* **Records shown**:
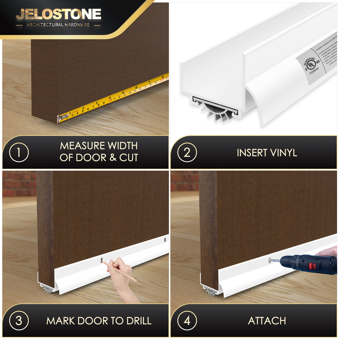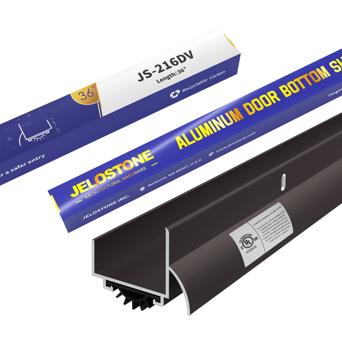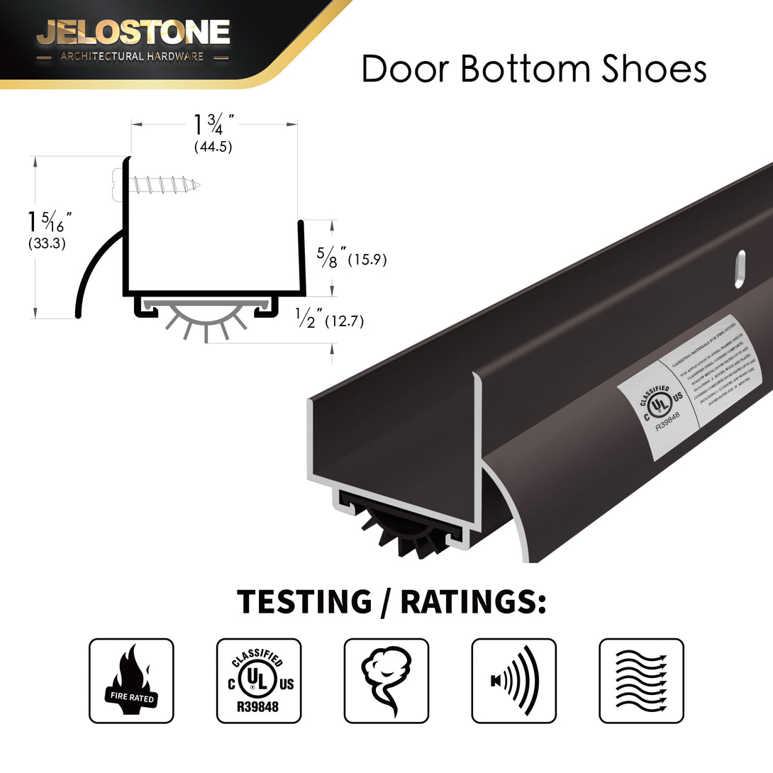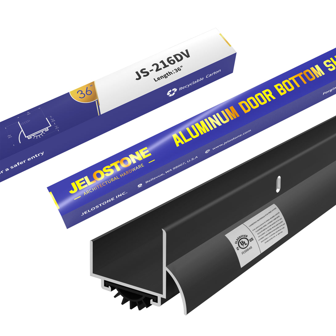 - 𝐂𝐞𝐫𝐭𝐢𝐟𝐢𝐜𝐚𝐭𝐢𝐨𝐧𝐬 𝐚𝐧𝐝 𝐖𝐢𝐝𝐞 𝐀𝐩𝐩𝐥𝐢𝐜𝐚𝐭𝐢𝐨𝐧: JELOSTONE Commercial Door Bottom Shoes JS-216DV is UL-Certified, meets high standards for performance, safety, and environmental friendliness. It suits both residential and commercial doors.
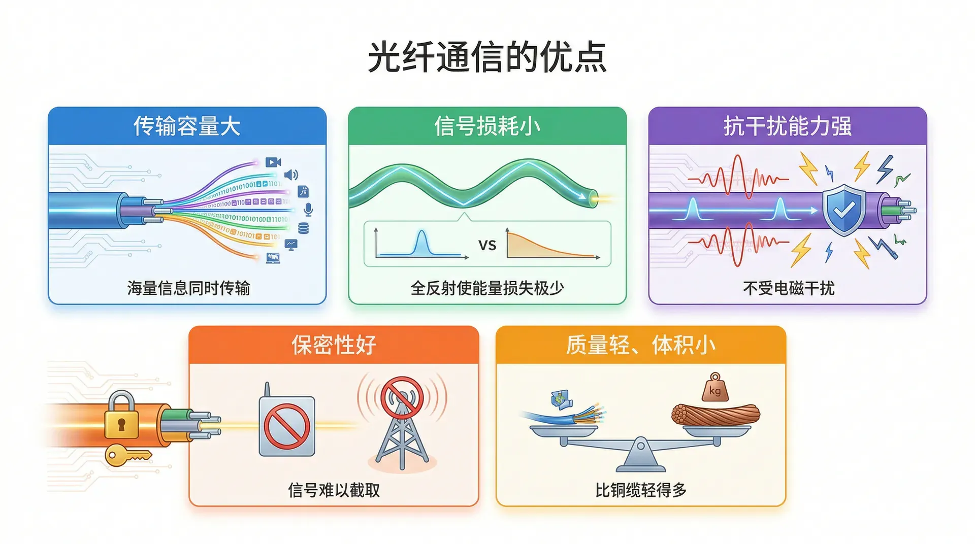 光纤通信正是利用全反射原理,让光信号在极细的玻璃纤维内部不断全反射向前传播,传输距离可达数千千米,信号几乎不衰减。全反射使光被“锁”在纤芯内部,不会泄漏到外部,这是现代互联网基础设施的核心技术之一。
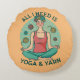 The phrase "Woman meditating with yarn, all I need is Yoga and Yarn" suggests that the woman finds both yoga and yarn crafting to be important aspects of her life. By combining the two activities, she is able to achieve a sense of relaxation, mindfulness, and creativity.
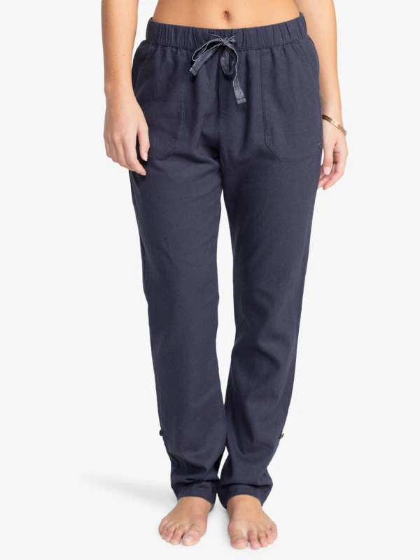 The On The Seashore pants combine a classic straight-leg fit with breathable fabric. Crafted in blended linen with a light hand feel, the beachy pull-on pants have an elastic waistband with a drawcord, front and back pockets, and a roll-able bottom hem for perfect warm-weather style.
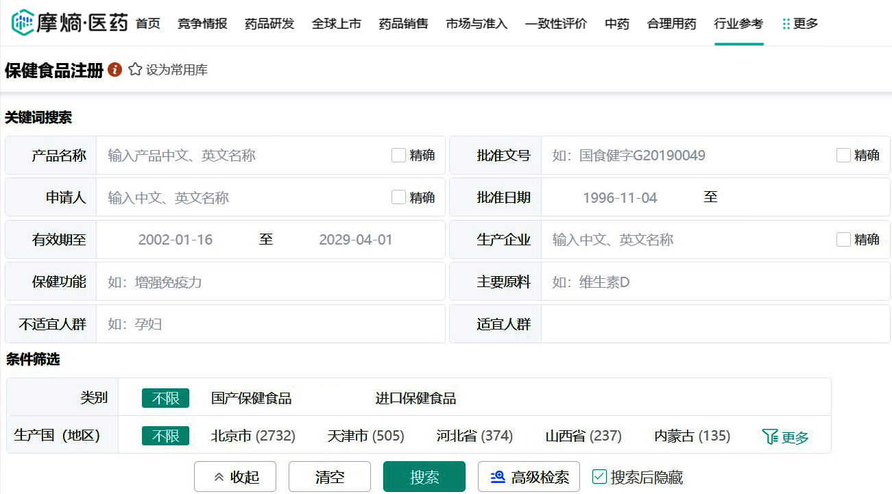 查询方法二、通过摩熵医药_保健食品注册数据库查询
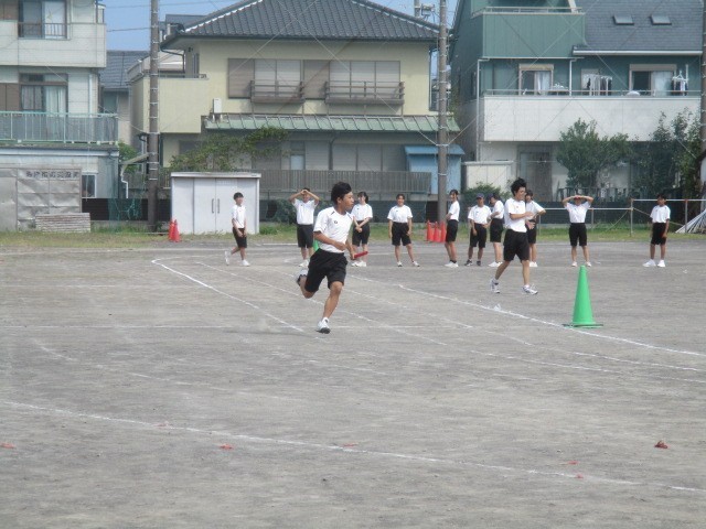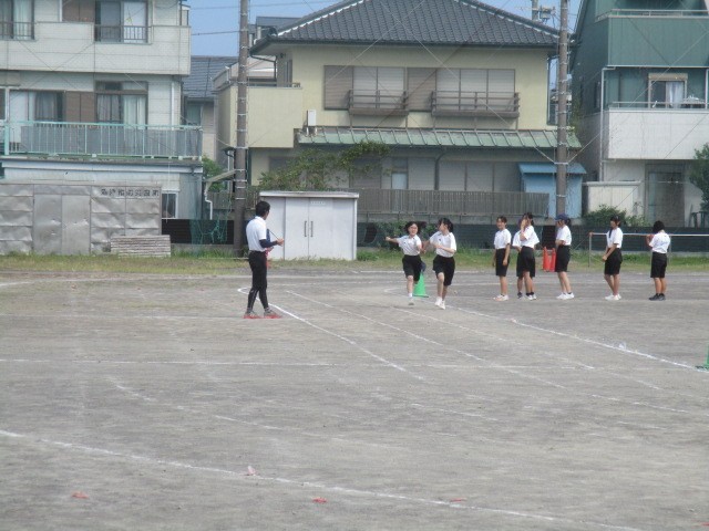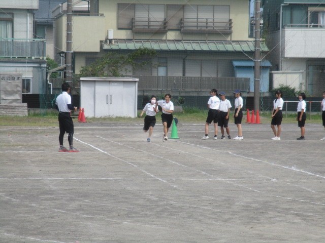 明日が雨の予報のため、計画されていた生徒会種目練習を早めて1時間目に行いました。蒸し暑さはありますが、曇りで風も出て、過ごしやすい環境でした。

* **Work required**:
Please retype, exactly as they appear, the lines from the one with "查询方法二、通过摩熵医药_保健食品注册数据库查询" through the final line of the material, both included, and drop any pictures.

* **Task answer**:
 查询方法二、通过摩熵医药_保健食品注册数据库查询
 明日が雨の予報のため、計画されていた生徒会種目練習を早めて1時間目に行いました。蒸し暑さはありますが、曇りで風も出て、過ごしやすい環境でした。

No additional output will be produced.